Each year, hundreds of thousands of people pass under the Renaissance-style domes, which are adorned with mosaics and murals, as they stroll through the library’s high-ceilinged corridors supported by pillars. The more than 200-year-old library has, however, recently drawn a different kind of patron: artificial intelligence (AI) businesses who are keen to use the 185 petabytes of data held in the library’s digital archives to build and hone their most sophisticated AI models.
Judith Conklin, the chief information officer at the Library of Congress (LOC), told Forbes, “We know that large language model companies are very interested in our large amount of digital material.” It’s quite well-liked.
However, those who wish to obtain the Library’s data must gather it via the API, a gateway that permits data downloads for anybody to access, be they an AI researcher or a genealogy. They are not allowed to scrape content straight off the website, which is a popular practice for AI businesses and, according to Conklin, has become a “hurdle” for the library because it slows down public access to its archives.

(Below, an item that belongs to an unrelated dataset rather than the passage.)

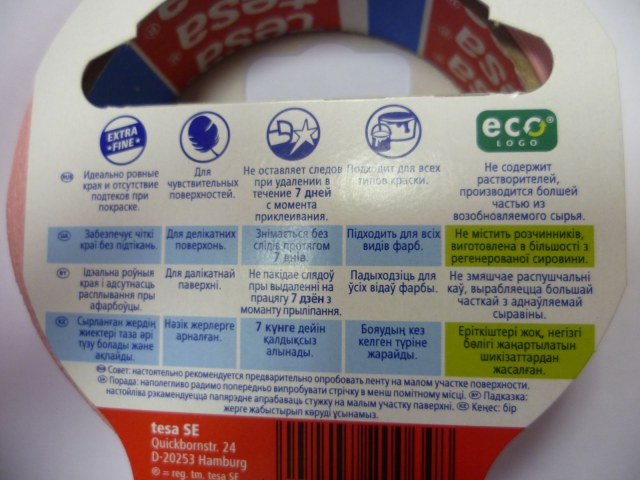 У меня tesa в рулоне шир. 38 мм, куплена на авторынке. Лучший из всех малярных скотчей, который пробовал. К сожалению, как и Тамийя, смачивается, т.е. подтекает по краю, если красить не напылением. Но для напыления идеален.

Some people, she claimed, simply scrape our websites to obtain the data they need quickly to train their models. “We have to manually slow them down if they’re degrading the functionality of our websites.”

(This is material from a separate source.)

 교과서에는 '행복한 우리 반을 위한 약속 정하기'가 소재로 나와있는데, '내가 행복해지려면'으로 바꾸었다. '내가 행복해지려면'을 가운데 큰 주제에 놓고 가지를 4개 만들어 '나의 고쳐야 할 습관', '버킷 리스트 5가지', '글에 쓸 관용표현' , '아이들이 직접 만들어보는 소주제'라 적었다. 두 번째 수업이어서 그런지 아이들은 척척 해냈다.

Finding data is only a small portion of the narrative. The world’s largest library is being courted by businesses like Microsoft, Amazon, and OpenAI as a client. According to their claims, subject matter experts and librarians can get assistance from AI models for activities like locating records, navigating catalogues, and summarising lengthy texts. Although there are still some unresolved issues, this is undoubtedly feasible. For example, AI models trained on modern data may have trouble distinguishing between historical events and objects like books and phones. Natalie Smith, the director of digital strategy at the LOC, revealed this to Forbes. They frequently adapt contemporary conceptions to historical writings because of an overpowering predisposition toward the present, according to Smith.
Weekly demo
Walter Kortschak, a billionaire venture capitalist who has over 40 years of experience investing in internet startups such as Twitter and Lyft, warned Forbes not to get caught up in the “mass hysteria” surrounding AI. The investor, who has shares in Anthropic and OpenAI, gave some guidance, stating that it’s critical to exercise caution, “invest in outlier founders,” and limit the amount of money you spend.
Model behaviour
The terms of service for Snapchat’s “My Selfies” tool, which allows users to upload photos to create AI-generated images, state that the social media business has the right to use user and friend images created by AI in adverts, 404 Media reported. The functionality is on by default, although it can be toggled off. According to a Reddit post, at least one individual saw an advertisement on Snapchat Stories that included an AI-generated picture of them.